Sci-fi movies get the worst of me, make me fear death and life in ways that nothing else is capable of. I hung out with Sarah in Georgetown tonight because I wanted to go check out the new multiplex that opened on K Street. So, the theater impressed me a lot. Loews did an awesome job which surprised me so much. They preserved this old brick smokestack and built the theater around it, having the smokestack in the middle of the lobby. So maybe it was just done to look hip, to look trendy, but whatever, they preserved a part of old DC and that is commendable.
And then there was the movie, Soderbergh's latest, Solaris. This man is so fucking productive these days - how does he have time to make so many movies, so many movies that are actually pretty good? Why can't I be this productive? I will be. I will stop sitting on my ass.
But yeah, the movie gave me the same sensations that the last two sci-fi movies I saw did, AI and Vanilla Sky - there is something about the format of sci-fi movies for me, that makes life seem so scary. Normal movies, even horror movies, deal with the mundane - with social relations and what various humans do to various humans, all very common stuff. But then sci-fi movies take stuff to a whole nother level - making their themes so much more expansive. Sci-fi movies step out of those earthly concerns, show a universe, a fucking mass of nothingness - and all I can do is mutter, "Oh Shit." Oh Shit, Earth is so fucking tiny, I have luckily forgotten this, and there is this whole fucking universe, a silent one. Oh Shit. Sitting through these types of movies where mortaltiy and concepts of life are called into question send me into fits of existential shivers. The movie was actually really good and the end dealt with these issues in a way that's sort of cheesy, but makes life bearable for me, gives it meaning and hope. I am a big fan of optimism. The world has as much meaning as we are willing to grant it. The question of whether you are alive or dead was declared irrelvant, that all that mattered was love.
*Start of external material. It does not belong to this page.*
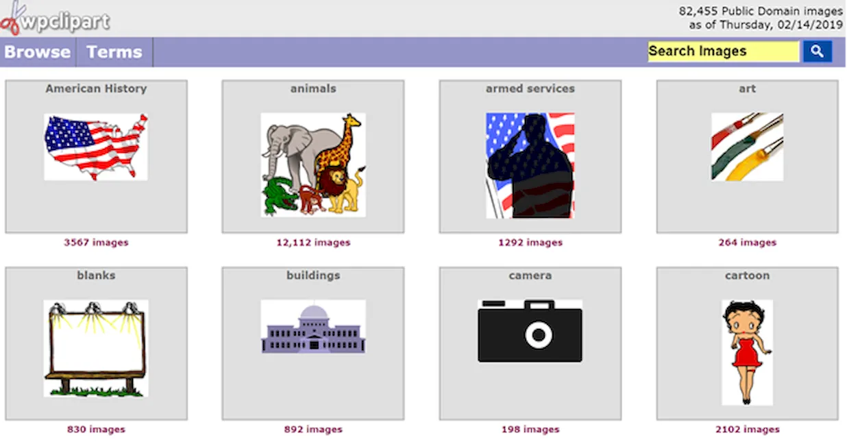 Если вам нужен клип-арт для какого-либо проекта, о котором вы только можете подумать, вы, вероятно, сможете найти его в WPClipart – хранилище из более чем 80000 бесплатных, высококачественных изображений и фотографий для общего пользования.

And I left the theater in the best of moods, walked down a deserted alley with Sarah over a rickety footbridge over a dry C & O Canal, walked happy for a couple more blocks, until I ecstatically walked over the Key Bridge over the still full, the nowhere near dry Potomoac River. Stopping midway over the bridge trying to watch my spit land, to see definite constraints to space, to see the spatial parameters of nature, of me, of what I hope is life. I looked at the skyline, at the glowing Kennedy Center, at smokestacks, at the Washington monument and I wanted to not be in school, to live somewhere fun, to act like I was actually alive. I ran into Joni today at Target when I was shopping with my mom, and she told me that she dropped out of Rutgers this week.
I said Right On, emphatically, seriously. I wanted to drop out. I asked her what she was going to do. She, Joni, said that she didn't want to join the corporate world yet. That there were still piercings she had never got, and that she still needed to die her hair blue. And, ha-ha, there are people so wonderful like this, that are devoted to living, to doing what they want to do, and I gave her a huge hug, so happy to see her, so fucking happy that someone else wanted to live. And so, I asked what she was going to do. And she said be a rock star. And she is so fucking cool. So right on.